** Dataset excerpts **
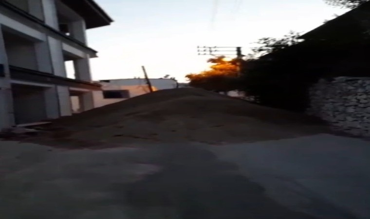 Muğla’nın Milas ilçesinde bir inşaat alanında kullanılmak üzere getirilerek sokağa dökülen kumlar sokağın giriş ve çıkışını kapatırken, adeta vatandaşları da sokağa hapsetti.
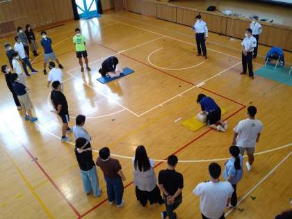 本日は、期末テストの終了後、午後から先生方を対象に、大阪市消防局北消防署員の方々を講師にお招きし『救命救急講習会』を開催しました。
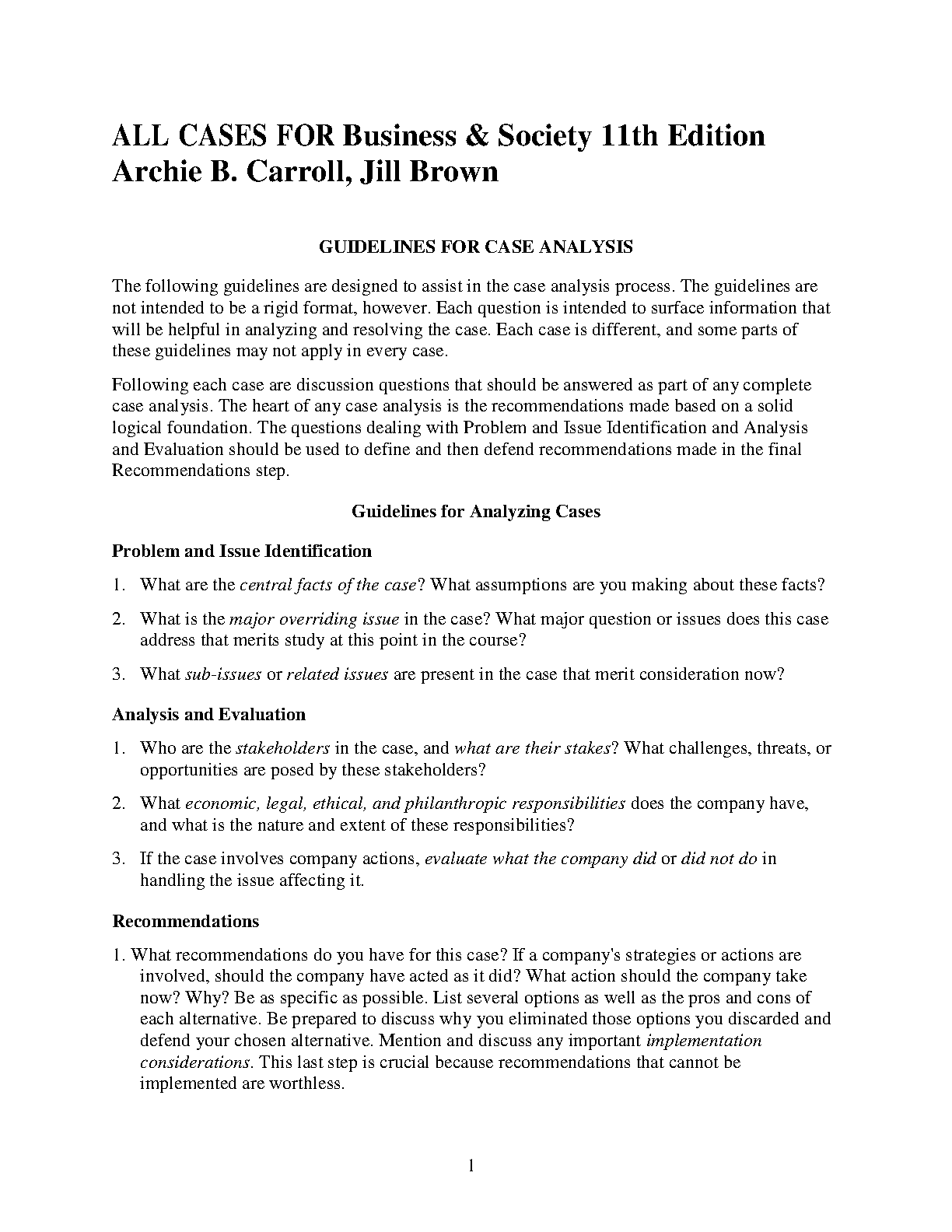 All Cases for Business & Society, 11th Edition: A Case Analysis Guide by Archie B. Carroll and Jill Brown
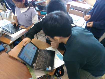 理科「台風と天気の変化」の学習では、台風による災害から生命を守るためにできることについて話し合いました。子供たちは、川が氾濫した場合の予想浸水範囲を洪水ハザードマップで確認し、「備え」の大切さに気付きました。
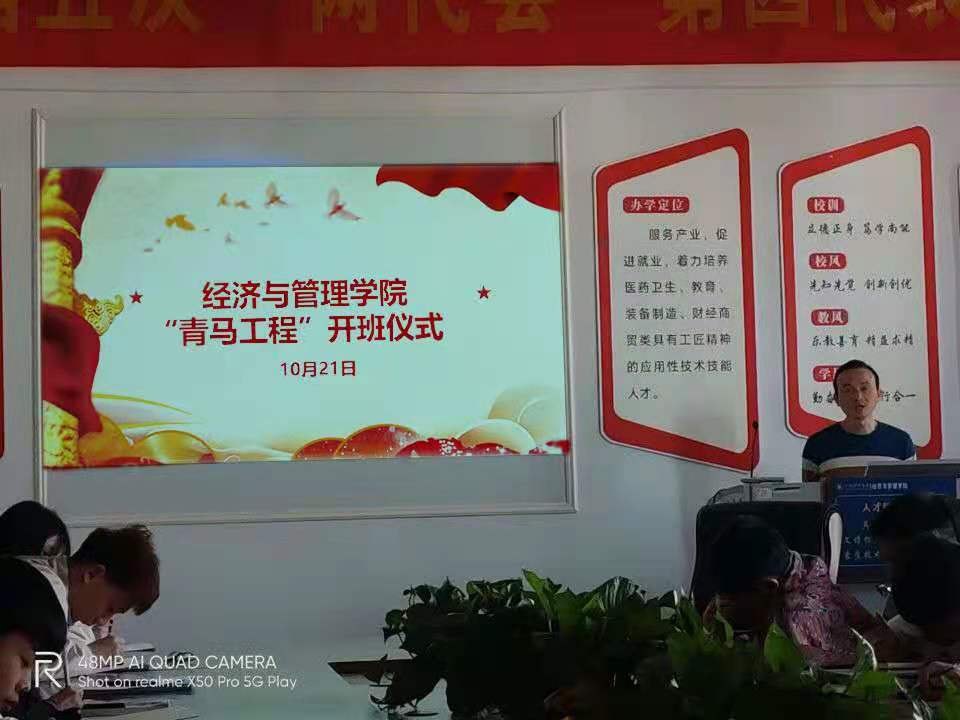 2020年10月21日,我院在信息大楼601举行了第一期青年马克思主义者培养工程(简称“青马工程”)的开班仪式。本次培训班参加人员主要包括学生党员、入党积极分子、 学生骨干等。出席本次开班仪式的有经管院党支部书记印德彬、副院长罗永平、团总支书记樊可欣、学生科科长印杰。
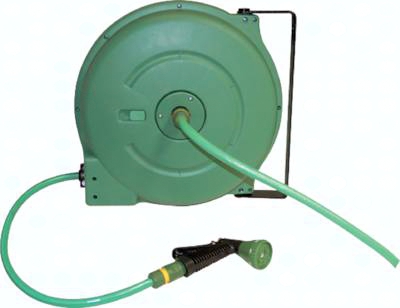 Funktion: Der Schlauch kann ausgezogen und bei jeder Umdrehung der Trommel mehrfach arretiert werden. Nach kurzem Anziehen rollt die Trommel den gesamten Schlauch wieder auf. Werkstoffe: Körper und Trommel: Kunststoff, Befestigungsbügel: Stahl schwarz lackiert, Schlauch: Polyether-Polyurethan (für Wasser: PVC) Lieferumfang: automatischer Schlauchaufroller mit Schlauch, Stopper und Gewindetüllen an den Schlauchenden, Befestigungsbügel *nur für Wasser
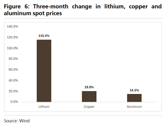 瑞银表示,综合计算,仅金属原材料一项,纯电动车(BEV)的单车成本通胀就高达 人民币5600元(其中锂贡献了大部分涨幅,高达109%的价格反弹)。
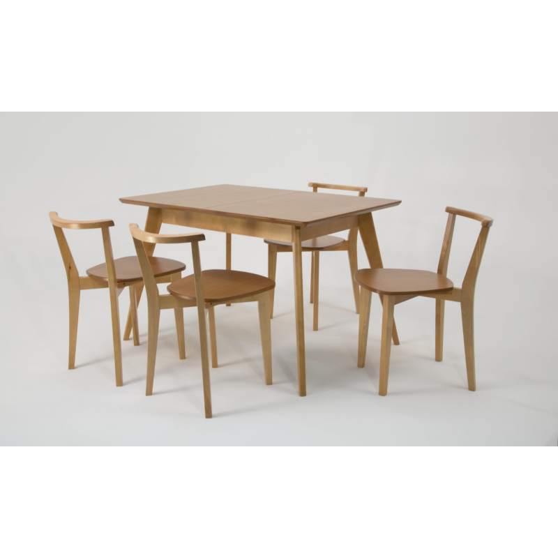 Комплект из деревянного стола Сканди на каркасе из натурального дерева и 4 стула Франк отлично подойдет к интерьеру, выдержанному в скандинавском стиле. Данный комплект станет центральным элементом в гостиной, столовой зоне, на кухне, позволив создать уютное обеденное место, где смогут собираться члены дружной семьи и их гости.У модели прямоугольная форма столешницы, со скруглением углов. Такое решение исключит риск сколов и обеспечит безопасность, в том числе, детям.Комплект выполнен в красивом цвете - натур. Сочетание изысканного дизайна и высокого качества исполнения - главная особенность комплекта.Столешница выполнена из материалов с великолепными эксплуатационными свойствами - МДФ (Материал создается на основе натуральной древесины. Практичен, надежен, имеет однородную гладкую структуру), шпон.Мебель проста в уходе - для поддержания первозданного вида достаточно использовать простую чуть влажную салфетку по мере необходимости.Состав комплекта: Стол F514106N00 120x80x75 и 4 стула R100701N0044x53x73
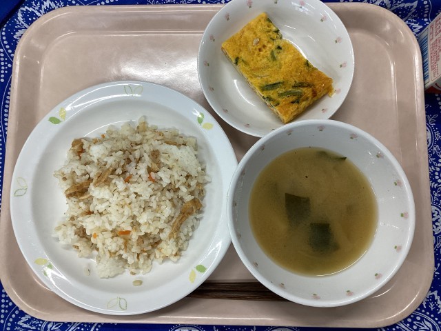 今週から1年生も給食が始まり、今日が初めて3食器を使う献立でした。
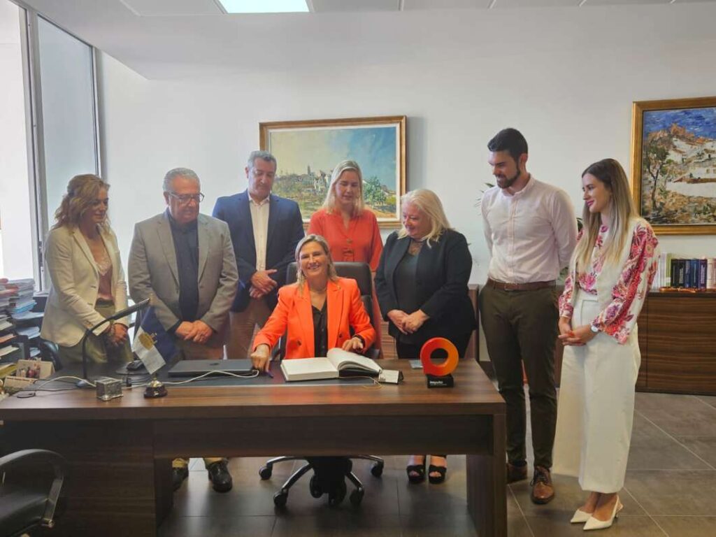 Previamente a entablar la reunión, Fabregat ha firmado en el Libro de Honor del Ayuntamiento de Oropesa del Mar como muestra de compromiso con el municipio.
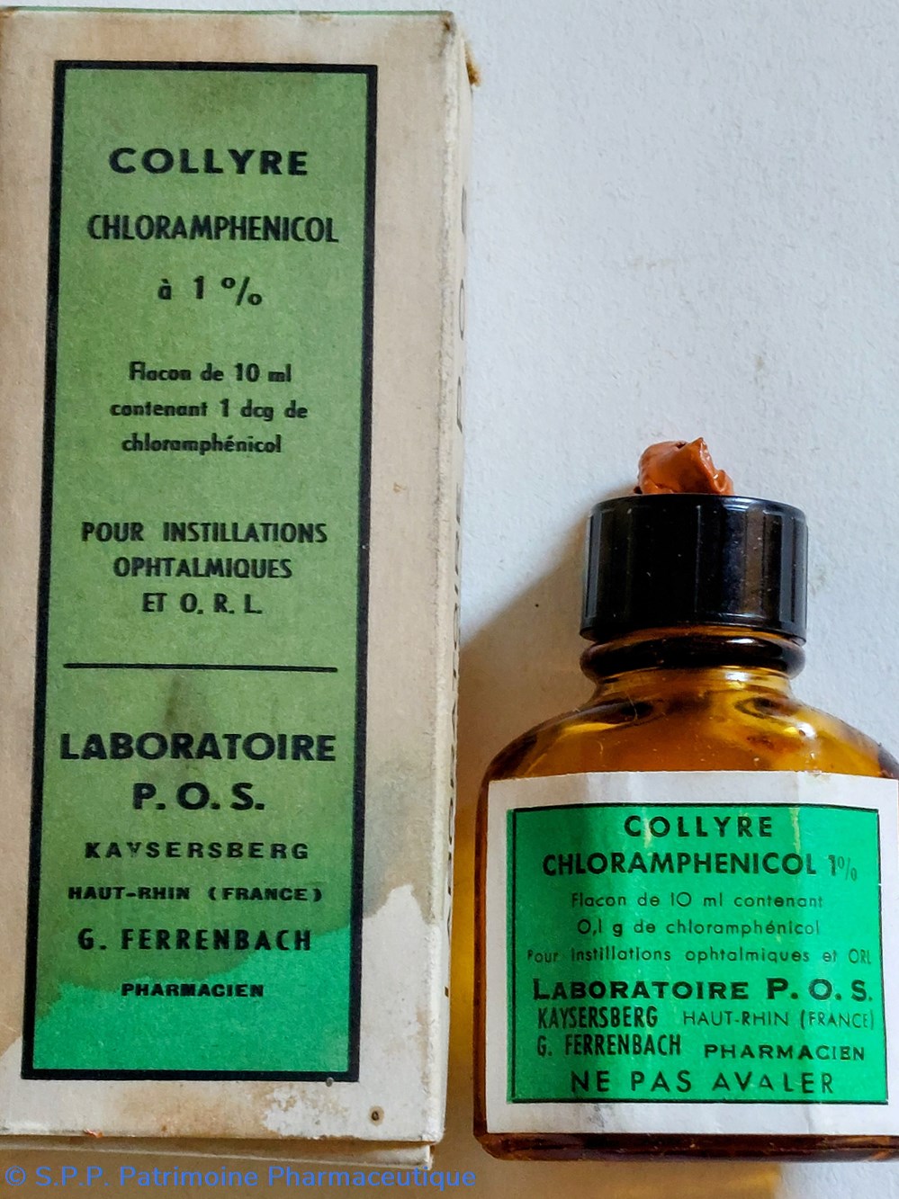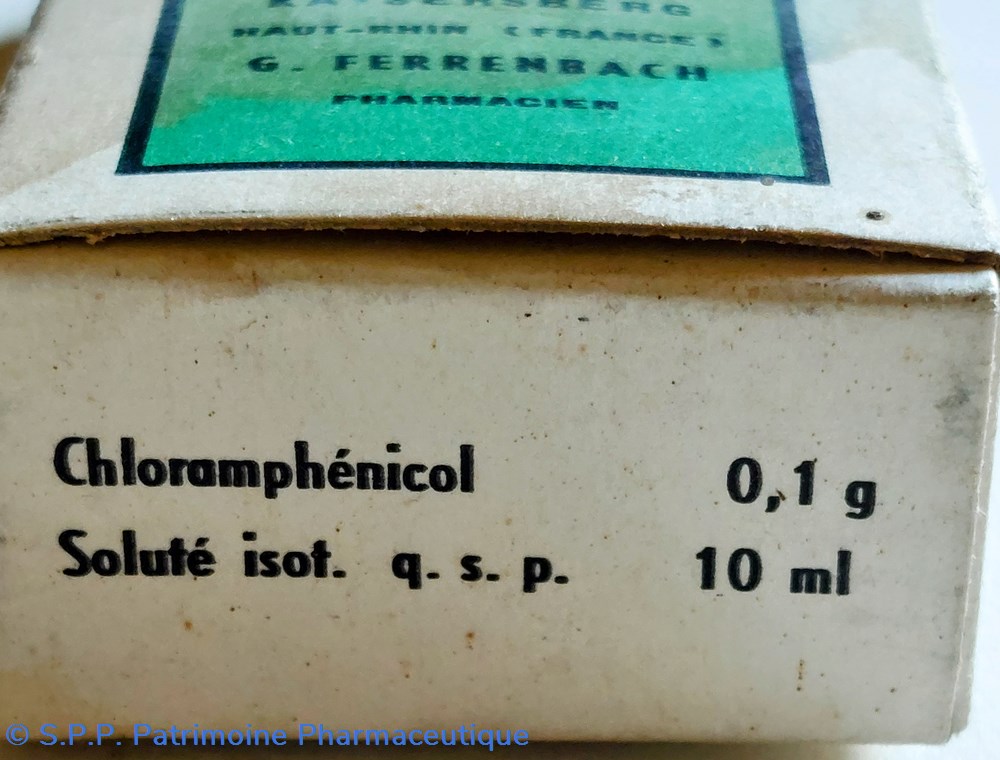 Flacon en verre ambré ayant contenu 10 ml de CHLORAMPHÉNICOL à 1%

** What the exercise asks **
Restate each line above exactly, keeping pictures out.

** Result of the task **
 Muğla’nın Milas ilçesinde bir inşaat alanında kullanılmak üzere getirilerek sokağa dökülen kumlar sokağın giriş ve çıkışını kapatırken, adeta vatandaşları da sokağa hapsetti.
 本日は、期末テストの終了後、午後から先生方を対象に、大阪市消防局北消防署員の方々を講師にお招きし『救命救急講習会』を開催しました。
 All Cases for Business & Society, 11th Edition: A Case Analysis Guide by Archie B. Carroll and Jill Brown
 理科「台風と天気の変化」の学習では、台風による災害から生命を守るためにできることについて話し合いました。子供たちは、川が氾濫した場合の予想浸水範囲を洪水ハザードマップで確認し、「備え」の大切さに気付きました。
 2020年10月21日,我院在信息大楼601举行了第一期青年马克思主义者培养工程(简称“青马工程”)的开班仪式。本次培训班参加人员主要包括学生党员、入党积极分子、 学生骨干等。出席本次开班仪式的有经管院党支部书记印德彬、副院长罗永平、团总支书记樊可欣、学生科科长印杰。
 Funktion: Der Schlauch kann ausgezogen und bei jeder Umdrehung der Trommel mehrfach arretiert werden. Nach kurzem Anziehen rollt die Trommel den gesamten Schlauch wieder auf. Werkstoffe: Körper und Trommel: Kunststoff, Befestigungsbügel: Stahl schwarz lackiert, Schlauch: Polyether-Polyurethan (für Wasser: PVC) Lieferumfang: automatischer Schlauchaufroller mit Schlauch, Stopper und Gewindetüllen an den Schlauchenden, Befestigungsbügel *nur für Wasser
 瑞银表示,综合计算,仅金属原材料一项,纯电动车(BEV)的单车成本通胀就高达 人民币5600元(其中锂贡献了大部分涨幅,高达109%的价格反弹)。
 Комплект из деревянного стола Сканди на каркасе из натурального дерева и 4 стула Франк отлично подойдет к интерьеру, выдержанному в скандинавском стиле. Данный комплект станет центральным элементом в гостиной, столовой зоне, на кухне, позволив создать уютное обеденное место, где смогут собираться члены дружной семьи и их гости.У модели прямоугольная форма столешницы, со скруглением углов. Такое решение исключит риск сколов и обеспечит безопасность, в том числе, детям.Комплект выполнен в красивом цвете - натур. Сочетание изысканного дизайна и высокого качества исполнения - главная особенность комплекта.Столешница выполнена из материалов с великолепными эксплуатационными свойствами - МДФ (Материал создается на основе натуральной древесины. Практичен, надежен, имеет однородную гладкую структуру), шпон.Мебель проста в уходе - для поддержания первозданного вида достаточно использовать простую чуть влажную салфетку по мере необходимости.Состав комплекта: Стол F514106N00 120x80x75 и 4 стула R100701N0044x53x73
 今週から1年生も給食が始まり、今日が初めて3食器を使う献立でした。
 Previamente a entablar la reunión, Fabregat ha firmado en el Libro de Honor del Ayuntamiento de Oropesa del Mar como muestra de compromiso con el municipio.
 Flacon en verre ambré ayant contenu 10 ml de CHLORAMPHÉNICOL à 1%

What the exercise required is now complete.